Alle Stadien in Katar liegen in einer Entfernung von 30 km in Russland sind die beiden am weitesten auseinander liegenden Stadien 2.500 km.

Ich versteh nicht, wie man sich für Katar entscheiden konnte! Keine Fußballtradition, die haben momentan nicht mal ein Fußballstadion! Und dann bei Temperaturen dort im Sommer von durchschnittlich 40 Grad.... 

Und auch Rußland seh ich problematisch! Bzw. finde ich, die haben schon eine ganze Menge in den nächsten Jahren! Die Olympischen Spiele, die Eishockey WM und Formel 1 kommt nächstes Jahr auch dort hin! Die müssen ordentlich in Infrastruktur investieren! Bin mal gespannt wie die das mit der Zeitverschiebung hin bekommen schließlich gibt es die ja auch innerhalb des Landes, aber das war 94 in den USA auch kein Problem.


----------



## Ohrensammler (3. Dezember 2010)

Konov schrieb:


> erstens das und zweitens haben Russland und Katar noch gute 10 Jahre Zeit mit dem Kapitalismus ins Bett zu steigen und schon kommen wir der Sache näher.




Wenn man den Medien glauben darf, ist Russland aktuell vermutlich das kapitalistischste Land auf der Welt.
Daran sollte es also nicht scheitern


----------



## Euphemia (3. Dezember 2010)

Ich finde die Entscheidung irgendwie nicht so prikelnd. Hätte sie leiber in England gehabt. Um ehrlich zu sein weiss ich nicht mal wo Katar liegt o.O. Aber schon dass man die WM in Afrika gemacht hat fand ich doof. Die Länder müssen dann extra Stadions bauen die sie vermutlich nie wieder brauchen werden.


----------



## shadow24 (3. Dezember 2010)

also gegen Russland als Austragungsort habe ich nix.warum auch?besser als wiedre irgendwo am a... der welt wo man um 9 uhr morgens dann unsere jungens spielen sehen kann.ausserdem ist russland fussballbegeistert wie wir udn was interessiert mich da die politische richtung oder sonstiges.und letztendlich ist russland auch fast bei jeder EM dabei,warum sollten die nich mal zur WM mitkönnen(auch wenn sie das nur als austragungsland schaffen

also zum thema katar weiss ich auch nich was ich dazu sagen soll...gestern auf Pro 7 haben die schon mal angedeutet das bis dahin(Kohle haben die ja ohne ende.die müssen immer abends die kleine geldscheine verbrennen um platz für die grossen zu machen im tresor) stadien gebaut werdne sollen,die alle auf 25 Grad klimatisiert werden können.überdacht natürlich...
wie das mit wein weib und gesang in so einem land aussehen soll,weiss ich jetzt auch noch nicht,aber wer weiss wo die in 10 jahren stehen?vielleicht ist das dann da schon wie in der türkei:islam ja,aber auch locker dem westen gegenüber.wer weiss.sagt niemals nie...
von daher schon ungewöhnlich,aber da die FIFA eh nur an kohle interessiert ist, war das eigentlich auch nur ne frage der zeit wann nach Formel 1 bei den Scheichs auch ne WM in so einem Land stattfindne wird.obwohl ich eher noch Saudi Arabien im Auge gehabt hatte...


----------



## Janithas (3. Dezember 2010)

Katar find ich ehrlich gesagt in Ordnung. Dahin zu fliegen wird nciht mehr kosten als Brasilien, Südafrika, USA und Co. Man kann nicht jede WM in Europa machen. Und das es ein recht kleines Land ist hat Vorteile, Geld spielt beim Ausbau der Infrastruktur keine Rolle und der Gedanke ist einfach Interessant.

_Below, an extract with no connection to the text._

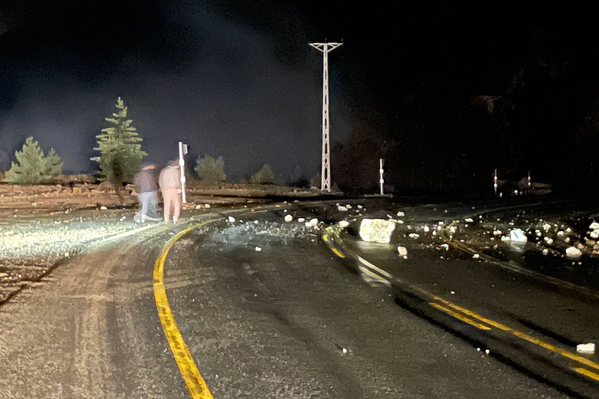 Olay anında çok korktuğunu ifade eden Karaduman, “Araca çarpan kayaların seslerini duyunca hızlıca manevra yaparak kaçarak ilerde durdum. Küçük taşları ben temizledim ama büyük taşlar için Karayolları ekiplerine haber verdim” dedi.

Russland finde ich da schon Zweifelhafter, einfach wegen der Entfernungen zwischen den geplanten Austragungsstätten. Ansonsten sicher auch ok.

England, USA und Co. war ich dagegen. Mal was Neues wagen hat was für sich...


----------



## Kaldreth (3. Dezember 2010)

shadow24 schrieb:


> also gegen Russland als Austragungsort habe ich nix.warum auch?besser als wiedre irgendwo am a... der welt wo man um 9 uhr morgens dann unsere jungens spielen sehen kann.



Dir ist schon klar, dass Teile Russlands bis zu 11 Stunden Zeitverschiebung zu unserer haben!? Sprich wenn dort Mittags um 16 Uhr nen Spiel angepfiffen wird, ist es hier 3 Uhr nachts (ich weiß natürlich nicht wo wir spielen bzw. wo genau welche Stadien stehen)...



shadow24 schrieb:


> also zum thema katar weiss ich auch nich was ich dazu sagen soll...gestern auf Pro 7 haben die schon mal angedeutet das bis dahin(Kohle haben die ja ohne ende.die müssen immer abends die kleine geldscheine verbrennen um platz für die grossen zu machen im tresor) stadien gebaut werdne sollen,die alle auf 25 Grad klimatisiert werden können.überdacht natürlich...
> wie das mit wein weib und gesang in so einem land aussehen soll,weiss ich jetzt auch noch nicht,aber wer weiss wo die in 10 jahren stehen?vielleicht ist das dann da schon wie in der türkei:islam ja,aber auch locker dem westen gegenüber.wer weiss.sagt niemals nie...
> von daher schon ungewöhnlich,aber da die FIFA eh nur an kohle interessiert ist, war das eigentlich auch nur ne frage der zeit wann nach Formel 1 bei den Scheichs auch ne WM in so einem Land stattfindne wird.obwohl ich eher noch Saudi Arabien im Auge gehabt hatte...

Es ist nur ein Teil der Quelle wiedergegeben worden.